米国民の33%が2026年中間選挙の不正を懸念…選挙への信頼に深刻な亀裂

米国では選挙制度全般に対する不信が広がり、2026年中間選挙をめぐる政治的緊張が高まっているとの報道が出ている。
10日(現地時間)、ポリティコが実施した世論調査によると、回答者の3分の1以上が2026年中間選挙で不正が行われる可能性が高いと回答したとのことだ。
同時に約4分の1は選挙が公正に行われないと予想している一方で、ほぼ半数に近い回答者はおおむね公正に実施されると見ている。
報道によると、民主党支持層と共和党支持層の間では、「不正選挙」の定義そのものに認識の違いがあることが調査で明らかになったとのことだ。
民主党支持者は有権者への脅迫や投票妨害を主なリスクと捉える一方、共和党支持者は無資格者の投票参加の可能性をより大きな問題として認識している。
ドナルド・トランプ米大統領の2020年大統領選に関する主張以降、こうした認識の隔たりはさらに固定化したと分析されている。共和党支持層は郵便投票の拡大や有権者登録手続きの簡素化などを不正選挙のリスクと結びつける傾向がある一方、民主党支持層は投票アクセス拡大の一環として評価している。
特に郵便投票をめぐる認識の違いは顕著で、かつて制度改善の手段として受け入れられていた郵便投票について、共和党支持層の相当数は不正で行われる可能性を指摘する一方、民主党支持層は公正な選挙プロセスの一部とみなす割合が高かった。

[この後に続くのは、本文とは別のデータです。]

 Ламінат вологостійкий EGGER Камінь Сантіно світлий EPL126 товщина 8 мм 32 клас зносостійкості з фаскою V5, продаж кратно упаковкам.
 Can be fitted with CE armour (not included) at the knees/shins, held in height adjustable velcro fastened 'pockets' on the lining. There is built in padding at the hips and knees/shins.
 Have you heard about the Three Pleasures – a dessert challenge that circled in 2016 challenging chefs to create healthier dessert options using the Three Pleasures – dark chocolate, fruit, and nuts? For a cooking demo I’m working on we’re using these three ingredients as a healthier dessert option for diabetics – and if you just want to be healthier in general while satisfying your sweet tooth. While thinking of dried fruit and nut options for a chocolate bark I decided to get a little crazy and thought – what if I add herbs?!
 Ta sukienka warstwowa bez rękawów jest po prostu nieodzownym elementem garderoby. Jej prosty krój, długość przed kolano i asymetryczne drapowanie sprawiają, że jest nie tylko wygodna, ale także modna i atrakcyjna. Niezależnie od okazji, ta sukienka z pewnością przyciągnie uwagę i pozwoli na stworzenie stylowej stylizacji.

有権者登録における市民権証明の義務化をめぐる問題も主要な争点として浮上した。共和党支持層の多数はこれを選挙の信頼性を高める措置と評価する一方、民主党支持層では有権者の参加を制限する仕組みだとみる傾向が強かった。
米移民関税執行局(ICE)の職員を投票所に配置する案も強い論争を呼んだ。民主党支持層は選挙過程に対する脅威として受け止める傾向が強い一方で、一部の共和党支持層は選挙のセキュリティ強化策として受け入れていることが明らかになった。

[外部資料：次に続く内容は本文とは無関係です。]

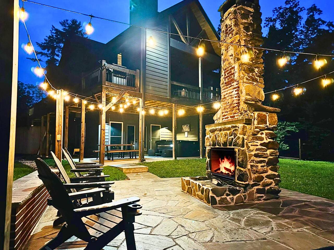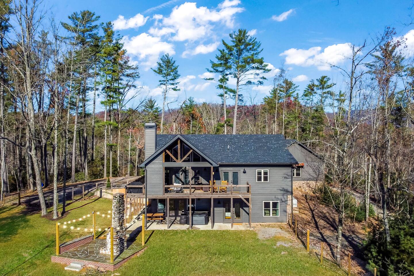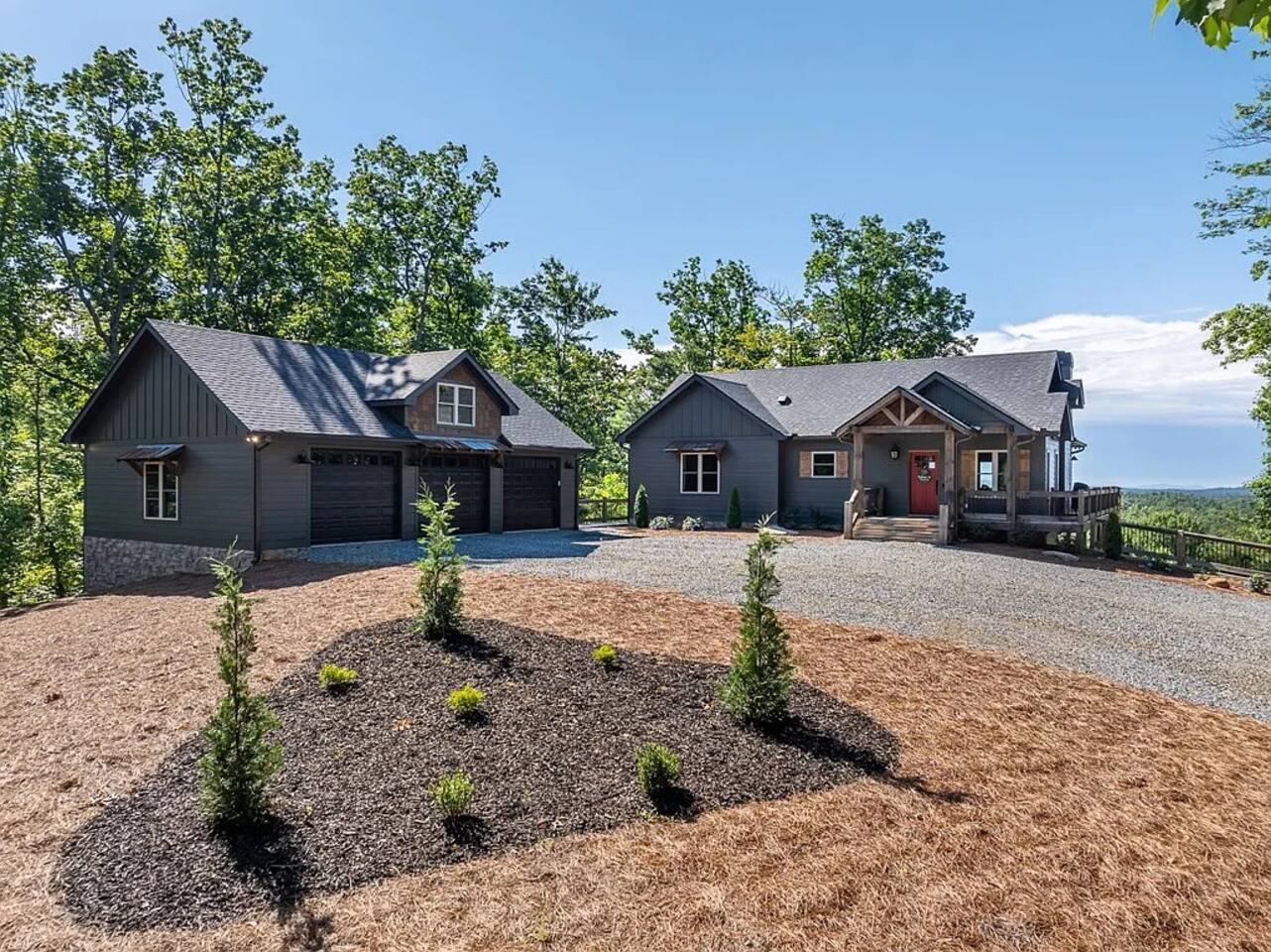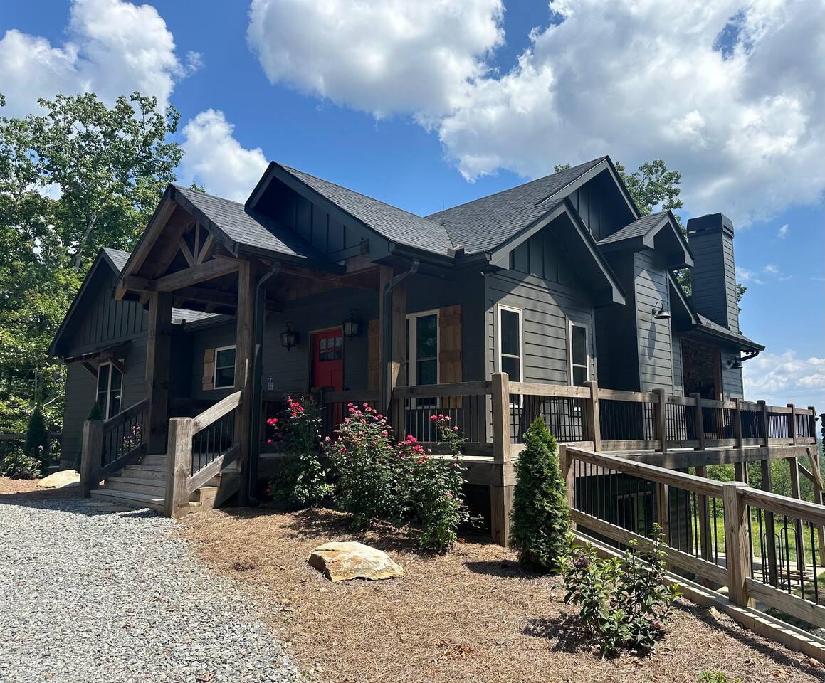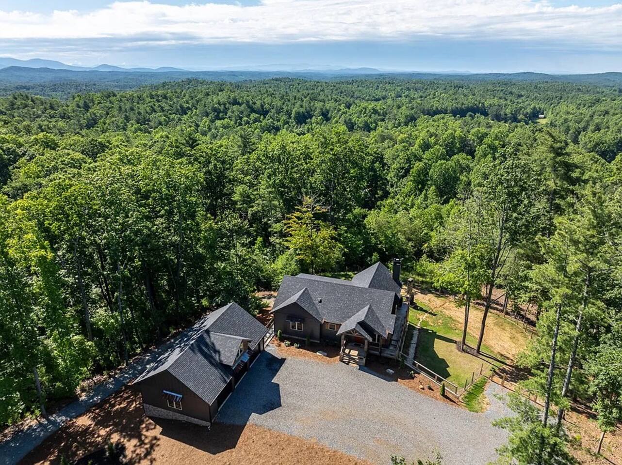 HOME HIGHLIGHTS ⭐️ GORGEOUS MOUNTAIN VIEWS ⭐️SUPER FAMILY FRIENDLY ⭐️ HOT TUB ⭐️ ARCADE GAMES ⭐️ 1 INDOOR FIREPLACE-1 OUTDOOR FIREPLACE + FIRE-PIT WITH A FUN MOONSHINE HISTORY ⭐️ PRIVATE FEEL BUT STILL 15 MINUTES TO DOWNTOWN ELLIJAY ⭐️ 2 COFFEE BARS & A COCKTAIL BAR AMENITIES 👾Arcade games 🎲Board games, life sized games & outdoor games ☕️ Keurig & drip coffee makers upstairs & downstairs! 🍷 Wine Fridge 🍳Propane Cooktop & Grill 🛜Free high speed WiFI 👩🍳Fully stocked kitchen ❄️Central heating & air conditioning 📺Smart TV's in both living spaces & primary bedroom 🧺Washer & Dryer 🚗Ample private parking, gated driveway 🔌Whole home backup generator 🏡Built in 2022! KITCHEN & DINING The spacious chef’s kitchen on the main level features a gas range and is is fully equipped with all the essentials you need to create delicious meals. The dining table comfortably seats 8, and the breakfast bar offers additional seating with 3 stools. Head downstairs to our kitchenette with an additional coffee bar, cocktail bar, fridge, and wine fridge. CrockPot -Kid friendly cups and dinnerware - 4 slot toaster - Pots/Pans/Baking sheets/Muffin tins - Blender - Mixing Bowls - Tupperware - Wine glasses - Cocktail shaker - Cleaning Products and so much more! ☕️Drip or Keurig pods with a variety of blends, flavors, creamers and sugars. -Tea is also available if that's your preference! LIVING AREA If one living area isn’t enough, how about two? Upstairs, enjoy seating for 7 around a cozy gas fireplace. Open the double doors to take in fresh mountain air and stunning views. The open floor plan makes it the perfect space to relax, entertain, and connect with loved ones. The downstairs living area offers seating for 6 on a cozy leather couch. Not in the mood for TV? Fire up the arcade games for some friendly competition! This space also features bunk beds, and double doors that open to the backyard with a hot tub, fire pit, and life-sized games. *Please note our downstairs fireplace is not operational.* BEDROOMS & BATHROOMS All bedrooms are equipped with brand new pillow top mattresses and offer extra pillows & blankets for added comfort, inside the closets. Our upstairs primary bedroom and downstairs king bedroom both offer smart TV's. **Please note, the bunk beds are in our downstairs living room which does not have a door separating the downstairs kitchenette and living room. There is a door from upstairs to downstairs though! Each bathroom comes with all the comforts needed: -Hair Dryer -Shampoo, Conditioner & Body Wash -Towels: Bath, Soft Hair Towels, Makeup, Hand & Washcloths OUTDOOR SPACE Step into a backyard full of charm and adventure! Relax in the hot tub or gather around the 1920s firepit, a relic from an old moonshine maker (firewood not supplied). Enjoy life-sized games in the expansive, fenced-in yard, perfect for fun-filled afternoons. Venture beyond to explore 7 acres of serene wooded land where you won't see a neighbor in site — your own private slice of nature. NEARBY ATTRACTIONS ✨Downtown Ellijay-15 mins ✨Cartecay River Experience-15 mins ✨R & A Orchards -15 mins ✨Hillcrest Orchards -15 mins ✨Fort Mountain State Park-15 mins ✨B.J. Reece Orchards-20 mins ✨Cartecay Vineyards-20 mins ✨Expedition: Bigfoot Museum -20 mins ✨Red Apple Barn-20 mins ✨Mountain Valley Farm Store -25 mins ✨Engelheim Vineyards-25 mins ✨Carters Lake-30 mins ✨Blue Ridge-30 mins ✨Tumblin’ Waters Trail-30 mins ✨Amicalola Falls State Park-35 mins ✨Springer Mountain-40 mins

選挙専門家は、こうした二極化は単なる政策の違いを超え、民主主義制度そのものへの信頼基盤を弱めていると指摘している。ケイトー研究所の法律研究員スティーブン・リチャー氏は「自由で公正な選挙の明確な定義がまだ確立されていないと思う」と述べた。
一方で、両陣営が意見の一致を見せる点もあった。当日有権者登録や、教会外で行われる新規有権者登録活動については、比較的公正だと評価する傾向が見られた。
今回のポリティコの世論調査は、パブリック・ファーストが先月11日から14日にかけてオンラインで米国の成人2035人を対象に実施した。